→ Assignment: Apart from the pictures, every entry below should be repeated exactly.

→ Available data:

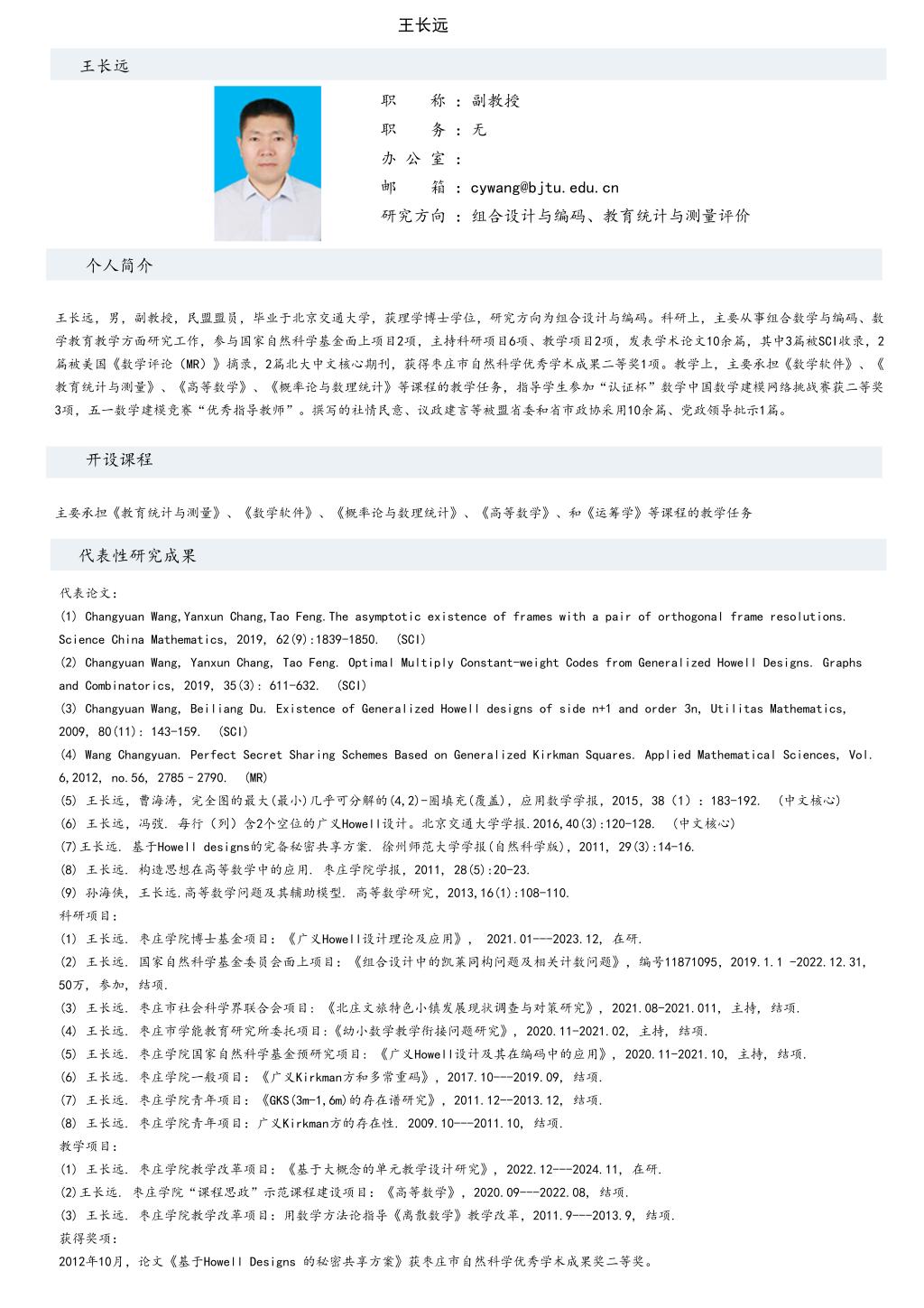 王长远老师个人简介
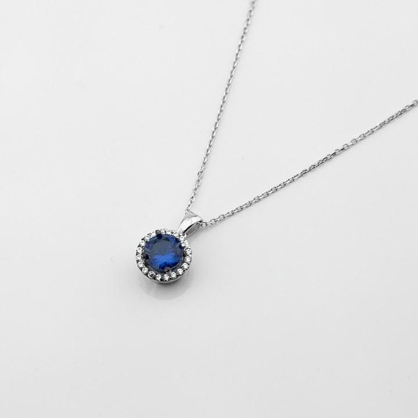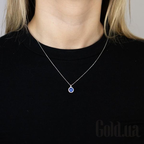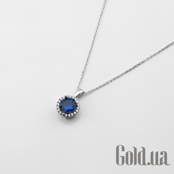 Золотий кулон з ланцюжком з куб. цирконіями і синт. сапфіром
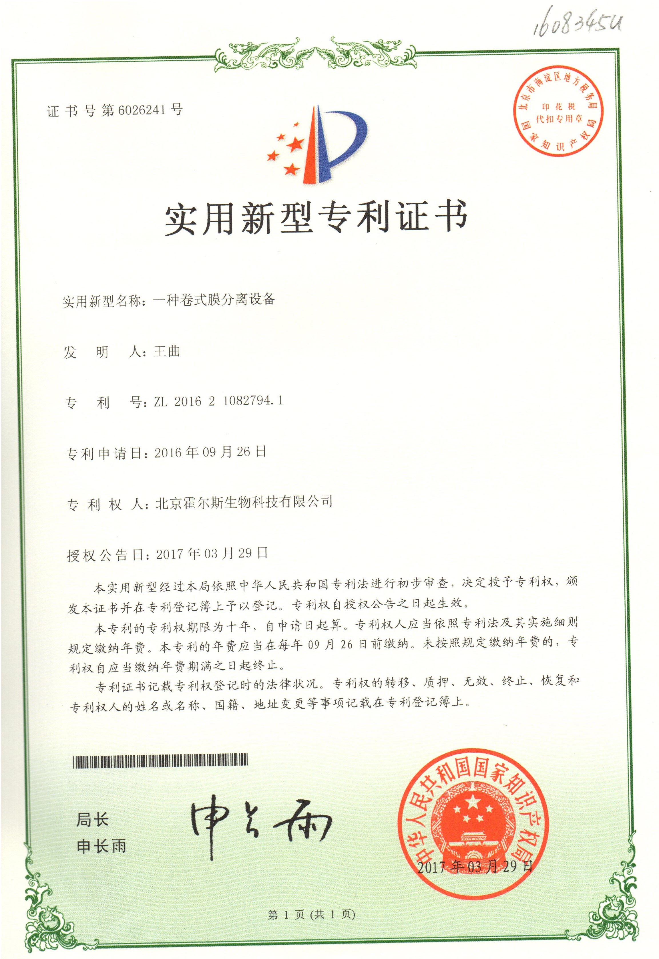350vip浦京集团获得膜分离设备的专利
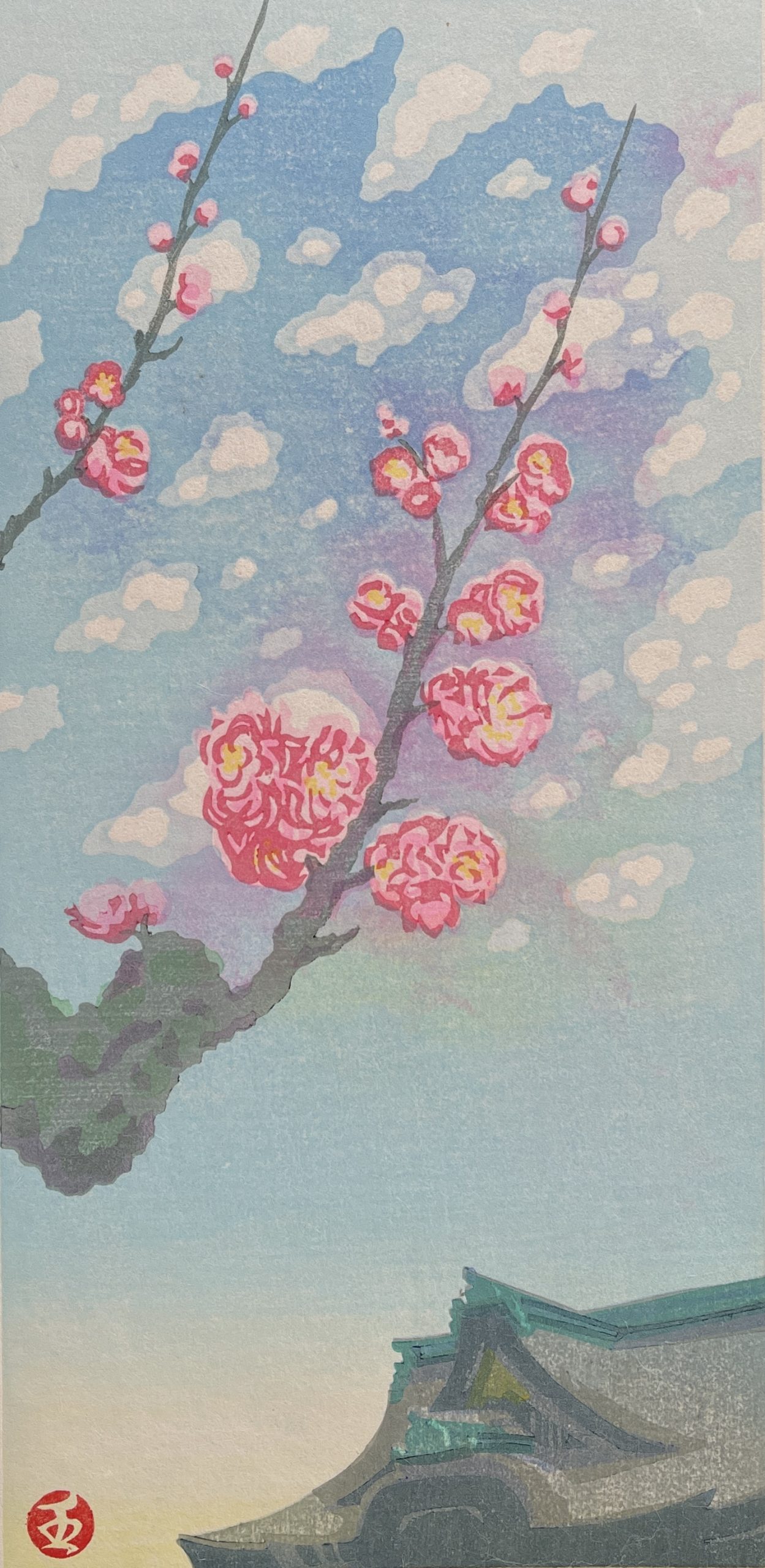 One of Junichi Mibugawa’s strongest point is his ability to capture the nuances of light, especially apparent in the prints where he shows trees casting their shadows. This extends to being able to capture the differences in light between the various seasons, as for example shown in his print Sunlight in Winter, that could not depict any other season.
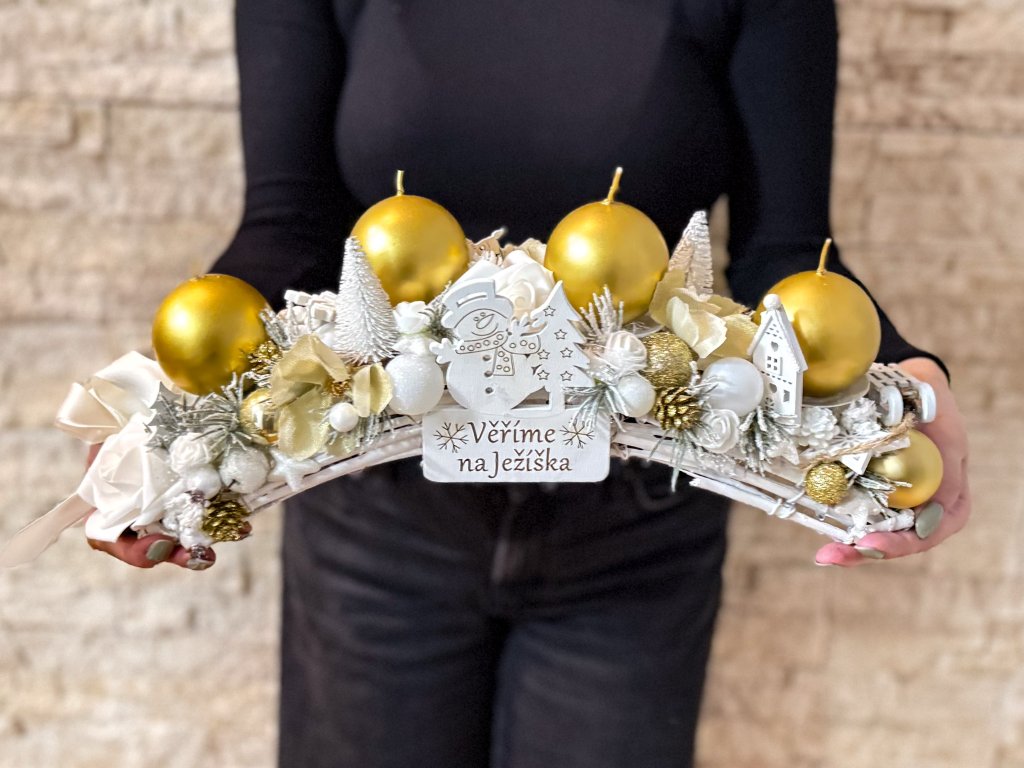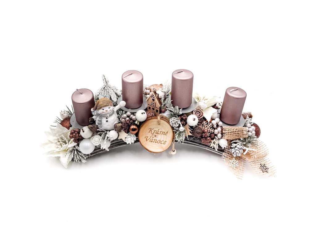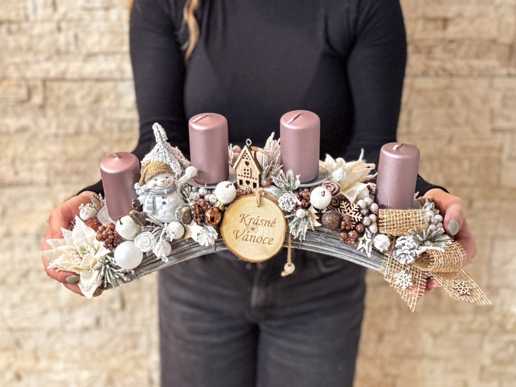 Prohnutý základ jsme dozdobili adventními svíčkami, baňkami a dalšími prvky. Svícen je velmi bohatě zdobený.

→ Task response:
 王长远老师个人简介
 Золотий кулон з ланцюжком з куб. цирконіями і синт. сапфіром
350vip浦京集团获得膜分离设备的专利
 One of Junichi Mibugawa’s strongest point is his ability to capture the nuances of light, especially apparent in the prints where he shows trees casting their shadows. This extends to being able to capture the differences in light between the various seasons, as for example shown in his print Sunlight in Winter, that could not depict any other season.
 Prohnutý základ jsme dozdobili adventními svíčkami, baňkami a dalšími prvky. Svícen je velmi bohatě zdobený.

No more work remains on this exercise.